Return all of the data below verbatim and exclude every picture.

COLLECTED DATA
============================================================
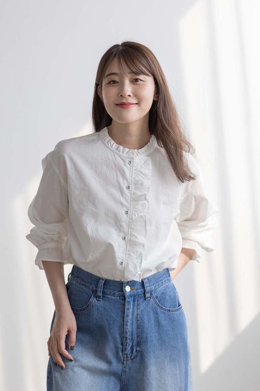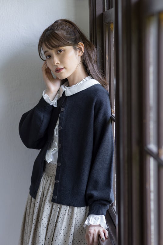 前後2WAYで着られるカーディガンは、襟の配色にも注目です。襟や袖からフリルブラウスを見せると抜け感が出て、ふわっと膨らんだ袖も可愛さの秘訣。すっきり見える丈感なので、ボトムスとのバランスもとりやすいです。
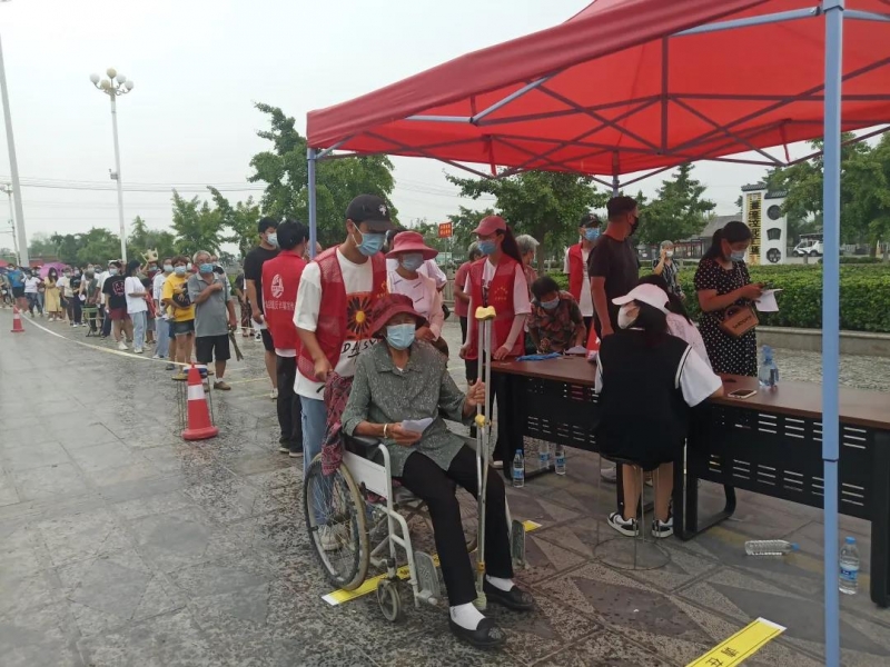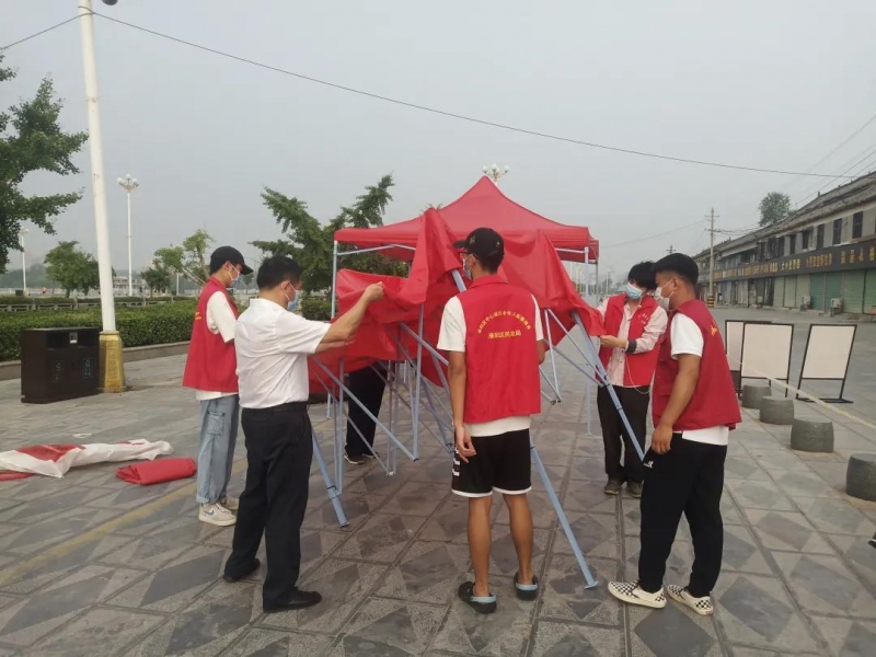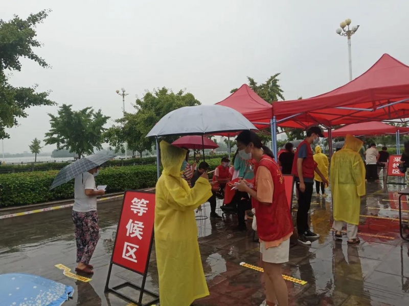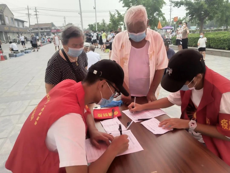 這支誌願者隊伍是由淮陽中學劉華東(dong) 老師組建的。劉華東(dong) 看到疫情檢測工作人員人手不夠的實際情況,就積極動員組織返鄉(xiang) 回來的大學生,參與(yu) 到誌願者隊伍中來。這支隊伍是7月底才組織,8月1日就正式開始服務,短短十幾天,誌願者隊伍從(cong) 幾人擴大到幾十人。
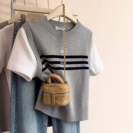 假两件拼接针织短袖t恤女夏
============================================================
REPLY
 前後2WAYで着られるカーディガンは、襟の配色にも注目です。襟や袖からフリルブラウスを見せると抜け感が出て、ふわっと膨らんだ袖も可愛さの秘訣。すっきり見える丈感なので、ボトムスとのバランスもとりやすいです。
 這支誌願者隊伍是由淮陽中學劉華東(dong) 老師組建的。劉華東(dong) 看到疫情檢測工作人員人手不夠的實際情況,就積極動員組織返鄉(xiang) 回來的大學生,參與(yu) 到誌願者隊伍中來。這支隊伍是7月底才組織,8月1日就正式開始服務,短短十幾天,誌願者隊伍從(cong) 幾人擴大到幾十人。
 假两件拼接针织短袖t恤女夏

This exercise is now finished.